Teletrabalho muda a geografia urbana




Sheila Sacks, colunista - CooJornal







Em recente artigo na revista The Atlantic Magazine, Derek Thompson, redator que escreve regulamente sobre economia, tecnologia e mídia, definiu o ano de 2020 como um ano de crise na saúde pela Covid-19 e também um ano revolucionário pela expansão global do teletrabalho.

A regra comum era viver nas cidades ou regiões próximas ao trabalho e a ligação entre a casa e o local do trabalho formava uma das bases da economia urbana. Thompson lembra que até há pouco tempo a internet não era sinônimo de trabalho remoto, figurando como uma ferramenta social ou coadjuvante nos escritórios.

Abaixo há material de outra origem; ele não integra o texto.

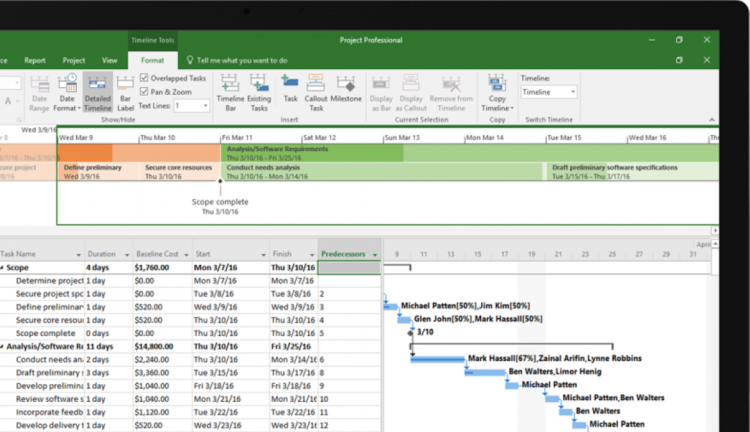 В дополнение к этому, Microsoft Project позволяет отмечать текущие задачи как частично или полностью выполненные, добавлять итоговые или промежуточные отчёты на временную шкалу, а также импортировать списки задач из Outlook.

No mundo pandêmico, o teletrabalho mudou de status e já vem alterando a geografia urbana, esvaziando as regiões centrais das grandes cidades e produzindo mudanças que se assemelham a uma nova revolução industrial. Imaginando que apenas 10% dos americanos continuem exercendo regularmente suas funções através do teletrabalho, argumenta Thompson, categorias como a dos trabalhadores de hotéis (e também de bares, restaurantes e negócios de lazer) serão bastante afetadas. O teletrabalho tem se mostrado um divisor de águas, afirma, com implicações para o futuro da economia, o quadro de oportunidades e o destino das inovações.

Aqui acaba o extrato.